Average Disk Queue Length

  • Hi,

    We have a SQL server which we recently hooked up to a SAN. We have still to migrate data to the SAN, the SQL is still running with the old drives, but I have seen a big big increase in the above tnning parameter, in fact it stays at 100 all the time, as a result the performance has got bad.

     

    I have another SQL server which also is in the same scenario, but there I do not see any change in this parameter and the perfoemance is good on the server.

     

    Is there anything in the setting-up of the SAN that resulted in this problem, for bringing the server on the SAN we added 2 HBA cards on the server which is linked through Fibre Channel to the SAN.

    Did anyone have a similar experience. Any help is highly appreciated.

     

    Regards

    rama

  • We had a very similar situation when we migrated to a new config on a SAN. The new system was 4 times slower, 8 hours vs 2 hours, than the old system doing a DBCC DBREINDEX on a large table. We were only able to get decent performance after we striped the SAN volumes at the Windows level.

    I suspect we have a SAN config problem at this site as the same job runs in 80 minutes on a third system on a different SAN. In this case we are not striping the SAN volumes, just spanning.

    Go figure.

    Good luck.

  • Check your HBA's are configured for max speed, probably 2 gig.

    Use Load Balancing software like power path to distribute the traffic over the HBA's.

    Use as small as possible meta's when creating the drives. We originally had 4x8gig, we now have 8x4gig and the performance improvement was significant, about 50% better. You can then stripe these drives at the OS.

    Use WIN2K3 it has optimised drivers for connection to the SAN.

    Check the sector alignment, we had to create a 4k block at the beginning of the disk to align the sectors.

    Format for 64K block size.

    We had similar problems as you appear to have and we resolved them, but it took about 2 weeks.

    The vendors of our SAN were supposed to be the experts, they told us the disk cache (32gig) would be the answer to performance problems. They were wrong.  You need to get the best performance out of the disk and then let the cache help.  We now get 122mb/sec when we backup a database, we only got 68mb/sec the way they initially set it up.

    Good Luck

     

  • We are having similiar problems with our HP/Compaq san. 

    Mark,

    -----Use Load Balancing software like power path to distribute the traffic over the HBA's.

    You are referring to the software that comes from Compaq or is this a third party item? The only thing i see is Secure path.

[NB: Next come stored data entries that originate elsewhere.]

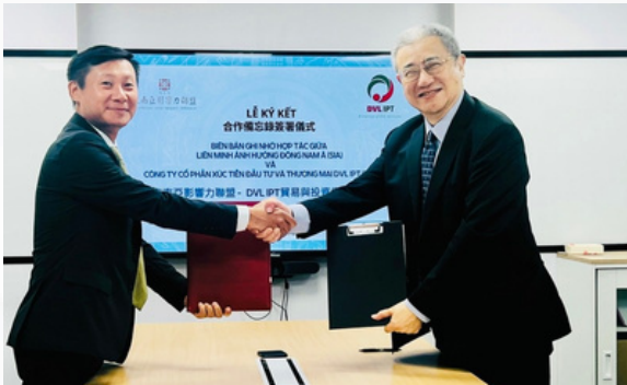
Lễ ký kết hợp tác với Liên minh ảnh hưởng Đông Nam Á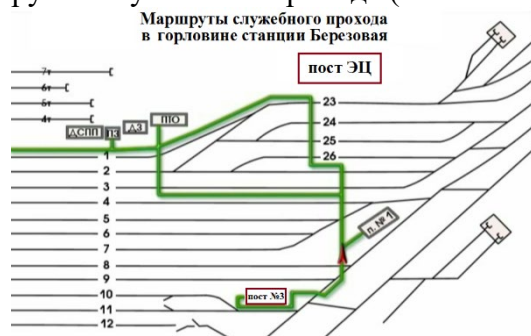
Рис.1 Маршруты служебного прохода для передвижения работников в южной горловине станции

Передвижение работников ж.д. транспорта по станции Березовая в южной горловине, должно осуществляется согласно маршрутам служебного прохода (выписка из ТРА), смотри Рис.1.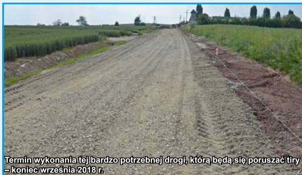
Termin wykonania tej bardzo potrzebnej drogi, którą będą się poruszać tiry – koniec września 2018 r.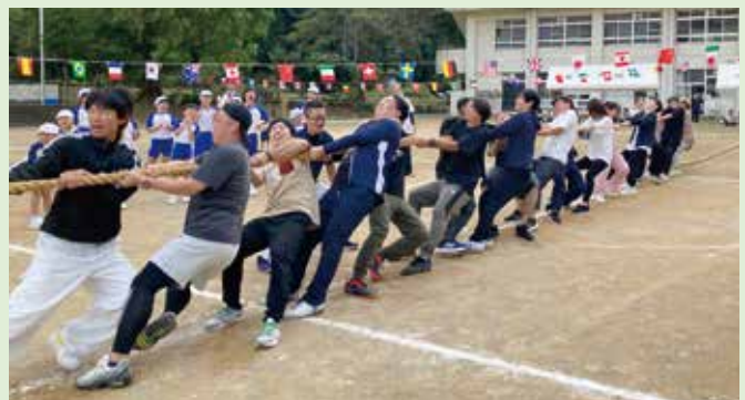
南地区合同体育大会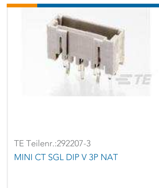
TE Teilnr.:292207-3 MINI CT SGL DIP V 3P NAT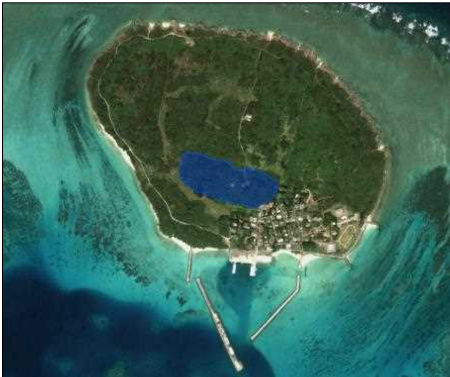
图 5-9. 土地利用規制地域(特別地域)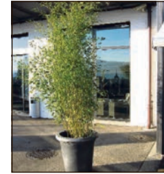
Bambus 2 m ab Fr. 79.-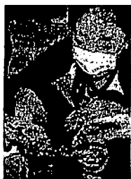
*歯型を見ています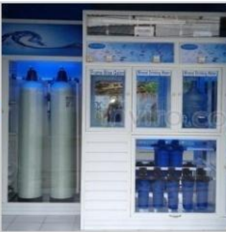
Desain Etalase (11)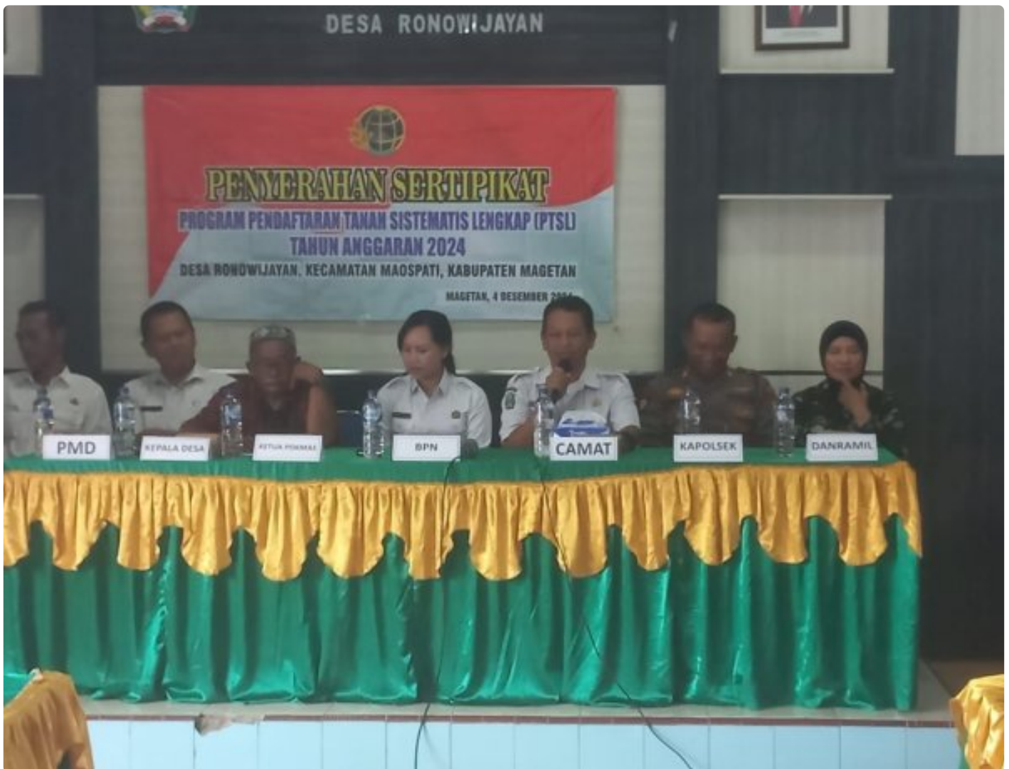
Danramil 0804/06 Maospati Hadiri Penyerahan Sertifikat PTSL Desa Ronowijayan

Magetan. - Bertempat di Balai Desa Ronowijayan, Kecamatan maospati,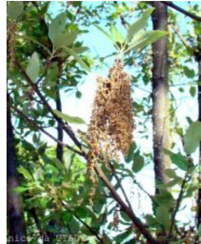
Quercus x hispanica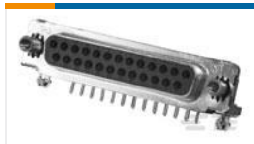
TE 系列/零件编号5747844-3 09 MSFL RCPT RA 318 (IN, FM,BL)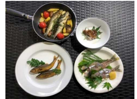
アユ料理メニュー開発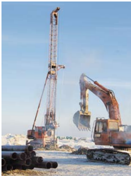
Обустройство Бованенковского месторождения идет полным ходом

газа по новым газопроводам составит более 2500 километров.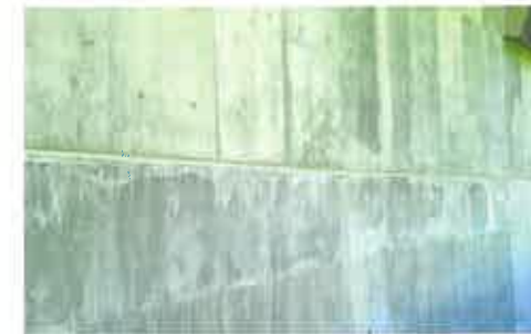
Toyo Ito loodud hoone mäepoolne sein on töönaoliselt taotluslikult „kirju”, justkui mäe kaevamise peegeldus.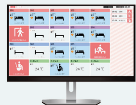
サービスステーション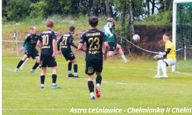
Astra Leśniowice - Chełmianka II Chełm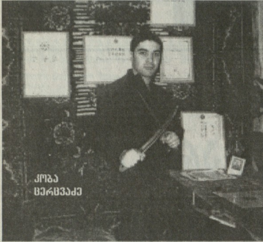
საქართველოს კარატელოს ეროვნული ფედერაციის კლუბმა „შოდანმა“ საგაზაფხულო ტრადიციული ტურნირი ბრწყინვალედ ჩაატარა, რომელშიც 250-ზე მეტი სპორტსმენი ასპარეზობდა.

„შოდანის“ ტურნირმა ძალიან მოკლე ხანში დიდი პოპულარობა მოიპოვა, რადგან კლუბმა გამარჯვებული კარატისტები უცვლელად ფულადი პრემიებით დააჯილდოვა. ეს უპირველეს ყოვლისა ქართველი სპორტსმენებისათვის საკმაოდ დიდი სტიმული იქნება, რაც თავისთავად კარატეს პოპულარობას კიდევ უფრო გაზრდის. ტურნირის ორგანიზატორულ-სპორტულმა დონემ ამკარად მოლოდინს გადაატარა, მინდა დიდი მადლობა გადავუხადო კლუბ „შოდანის“ პრეზიდენტს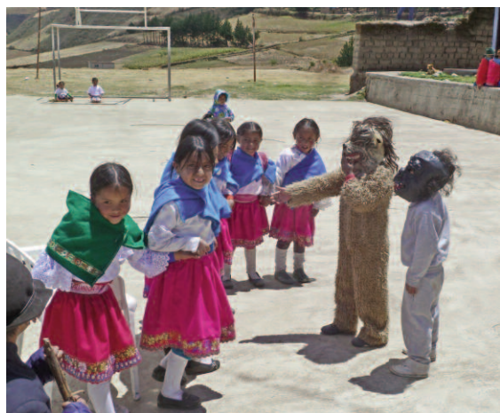
Det går greit når alle kan være venner.

barnelek som kanskje kan sammenlignes med «Haien kommer». Alle går i ring mens de synger at de leker i skogen og så roper de til ulven og spør hva han gjør på. Han svarer at han står opp, eller kler på seg, eller..... og til slutt svarer han at NÅ KOMMER HAN. Og så flykter barna til alle kanter. Men denne gangen hadde barna forberedt en vri. For etter ulven kom en gorilla og skremte ulven, så ble alle venner og laget en felles ring mens læreren fortalte hvor viktig det er at vi er venner.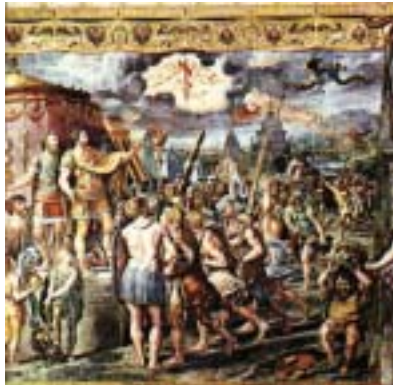
«IN HOC SIGNO VINCIS» — «С ЭТИМ ПОБЕДИШЬ» После видения креста (вверху), император Константин (справа) не только сам принял христианство, но и сделал его инструментом государственной власти

Император призывал Александра с Арием прекратить споры «о словах». Языческие философы в подобных ситуациях поступали лучше: они тихо соглашались в несогласии. Но эти новые философы были непримиримы и становились врагами его миру, а потому подрывными элементами государства. Константин пишет в конце письма: «Зная, что наш великий и благой Бог Вседержитель дал нам общий свет Своей благодати, я умоляю вас, дабы мои старания привели к успешному окончанию, и мой народ был вразумлен воспользоваться покоем и согласием. Позвольте мне провести дни и ночи мои в тишине и покое, и да имею я свет и веселие вместо слез и вздыханий». Константин искренне надеялся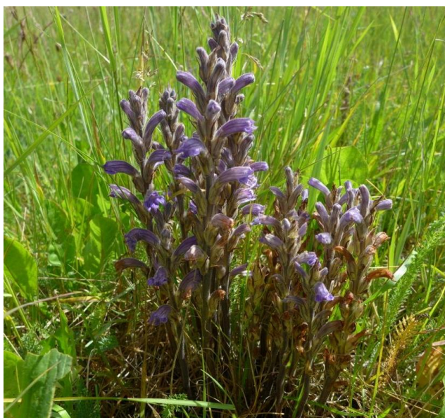
Blauwe bremraap - juni 2014 - terrein Bollenbad

een bouwterrein (Franse silene) of in een wegberm (Engels gras) gevonden worden. Voor zulke soorten is nauwelijks een beleid te voeren waarbij het voortbestaan van deze soorten verzekerd is. Dat zal ook niet gebeuren omdat de als voorbeeld genoemde soorten hier niet 'in hun natuurlijke verspreidingsgebied' te vinden zijn. Bij een soort als de Waterscheerling zal het voortbestaan afhangen van de manier waarop met de oevervegetatie wordt omgesprongen.

    ----Use as small as possible meta's when creating the drives. We originally had 4x8gig, we now have 8x4gig and the performance improvement was significant, about 50% better. You can then stripe these drives at the OS.

    Are you referring to using the most spindles as possible here?

    ----Check the sector alignment, we had to create a 4k block at the beginning of the disk to align the sectors.

    Huh? I've never heard of this, but are you referring to the SAN or within windows?

    Thanks for the help!

     

  • Power path is an EMC product, compaq probably has there own version of it.  It effectively balances the traffic across all the fibre channel paths to the SAN

    The disks in the SAN are 256gig each, but obviously we wouldn't want to put one database on one drive as the performance wouldn't be all that good. What we can do is split these disks into 64x4gig chunks and these chunks are stitched back together with other drives (more spindles). We needed 32gig drives which we could stripe together at the OS to give us 64,96,128 gig etc OS logical drives. This 32 gig  size was the best fit for our databases and gave us the least amount of wasted disk space (some databases were only 20 gig, which leaves 12 gig on the volume that we probably won't use). We were initially recommend the 4x8gig configuration by the vendor, but the performance wasn't there.  Try doing a backup of a large database and check the throughput from the output completion mesage in query analyser. It gives you a mb/sec throughput. We average 122mb/sec and I have seen it as high as 144mb/sec on our SAN.  You may need to backup up another big database first as you need to flush the cache on the SAN.  We have a 32 gig cache on the SAN. If I do two backups of a 12 gig database in a row the first ones throughput is 122mb/sec but the second is around 300mb/sec as the database is sitting in cache and the backup operation doesn't read from disk. You also have to be careful you aren't getting disk queueing when writing the backup file to disk as this will slow down the reading of disk.  We got around this using the Litespeed backup utility by dbassociates, as it compressed the backup file to 25% its normal backup size.

     

    Check out this link for sector/partition alignment

    http://www.microsoft.com/windows2000/techinfo/reskit/en-us/default.asp?url=/windows2000/techinfo/reskit/en-us/prork/pree_exa_oori.asp

     

    good luck

  • Thanks Mark. So if I understand you correct, i should have the SAN broken up into various smaller sizes. ie. for us, we're using 72GB drives and so what 36GB chunks x let say 10.  So that would be 32 x10 or about 5 drives. Under the OS, this should be recognize as 10 36GB drives.  I would use the OS to stripe them together as raid 5 or whatever i want.  I checked out the sector info. Thanks that was great, now I just need a system to test this on. Scary....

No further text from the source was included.